Ксавье Монтепен - Кровавое дело
— Серьезное обстоятельство? Какое же?
— Теперешнее состояние mademoiselle Бернье.
— Ее теперешнее состояние? Я вас не понимаю!
— Вы не заметили, какое у нее изнуренное лицо?
— Заметил и приписал это обрушившимся на нее горестным событием.
— А я приписал это другой причине, расспросил ее, и она со слезами призналась…
— В чем?
— В том, что готовится стать матерью.
У судебного следователя вырвался жест изумления.
— Mademoiselle Бернье готовится стать матерью?
— Да, месяца через четыре можно ожидать появления на свет ребенка.
— О, несчастная девушка!
— Да, очень несчастная, и гораздо более несчастная, чем преступная. Единственный и настоящий виновник ее несчастья — человек, у которого нет ни сердца, ни чести, подлец, без зазрения совести воспользовавшийся неведением девушки, ее беззащитностью и слабостью.
— Что это за человек?
— Сесиль Бернье отказалась назвать его имя.
— Почему же она за него не выйдет?
— Потому что в настоящее время она питает к нему столько же отвращения, сколько и презрения. Она судит о нем так, как давно следовало бы судить, и ни за что в мире не хочет стать его женой.
Анджело Пароли глубоко вздохнул и продолжал:
— Хотя я давно подозревал правду, но старался не верить свидетельству собственных глаз, сомневался в том, что было очевидностью. Но, увы, признание Сесиль подтвердило мои подозрения. Бедное дитя созналось в своей ошибке. Я страдал… Жестоко страдал…
Последние слова он произнес дрожащим голосом, со всеми признаками живейшего волнения.

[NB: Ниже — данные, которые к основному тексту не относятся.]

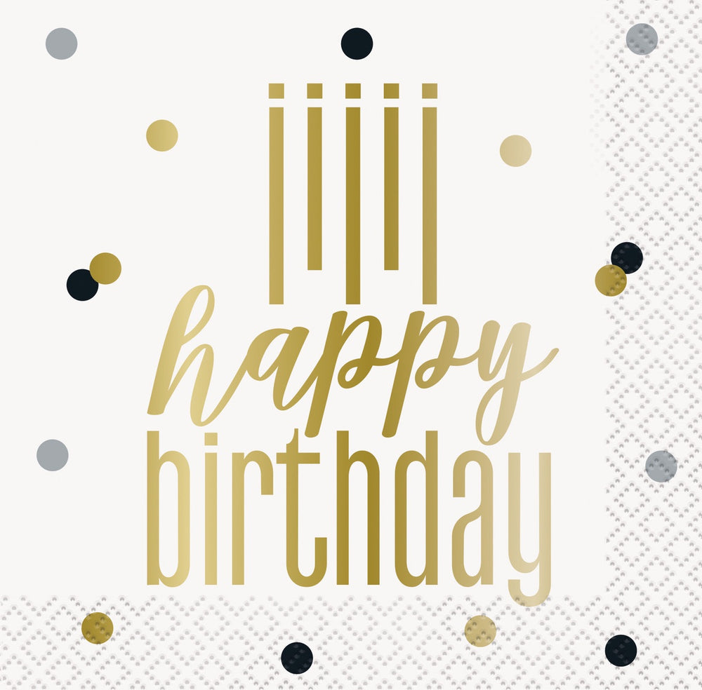 METALLIC HAPPY BIRTHDAY 16 BEVERAGE NAPKINS 2PLY 25.4CM X 25.4CM (10" X 10")
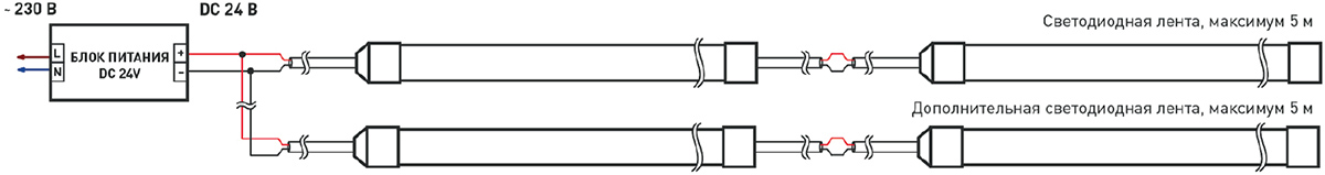 - Максимальная длина подключения ленты - 5 метров.
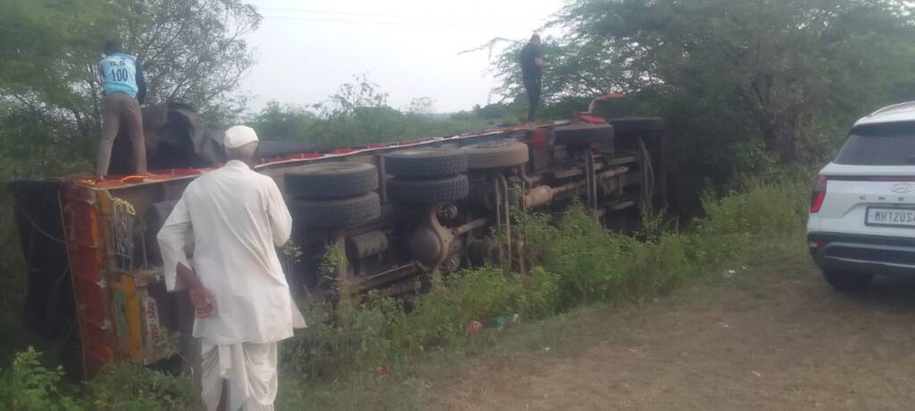 कांद्याने भरलेला ट्रक रस्त्याच्या कडेला पलटी झाल्याने काही काळ वाहतूक विस्कळीत झाली होती. स्थानिक नागरिकांनी मदतकार्य करून वाहतूक पूर्ववत केली.

Судебный следователь посмотрел на Анджело с удивлением.
— Вы страдали? — повторил он.
— Больше, чем могу выразить.
— А я думал, что вы знаете mademoiselle Бернье только два дня!
— И вы не ошиблись!
— Значит, у вас была какая-нибудь другая причина интересоваться этой девушкой, кроме обыкновенного человеколюбия?
— Да, у меня была причина.
— Могу я спросить, какая именно?
— Я колеблюсь отвечать вам.
— Да разве я не друг вам? А ведь дружба требует полного доверия!
— Вы правы, и я открою перед вами мое сердце. Но прежде всего скажите, верите ли вы в любовь?
Скептическая улыбка заиграла на тонких губах господина де Жеврэ.
— О какой любви говорите вы?
— Я говорю о союзе двух сердец, двух душ, сливающихся в одну. О любви не материальной, эфирной, почти неземной.
— Это то, что Стендаль называл, кажется, «ударом грома»? По-моему, не допускать этого невозможно, так как люди опытные и много изведавшие по этой части утверждают, что подобная любовь не только существует, но даже очень нередка и замечательно прочна.
— Ну, так вот и меня поразил «удар грома»!
— Mademoiselle Бернье?
— Да.
— Вы! Человек серьезный, человек науки! Да возможно ли это?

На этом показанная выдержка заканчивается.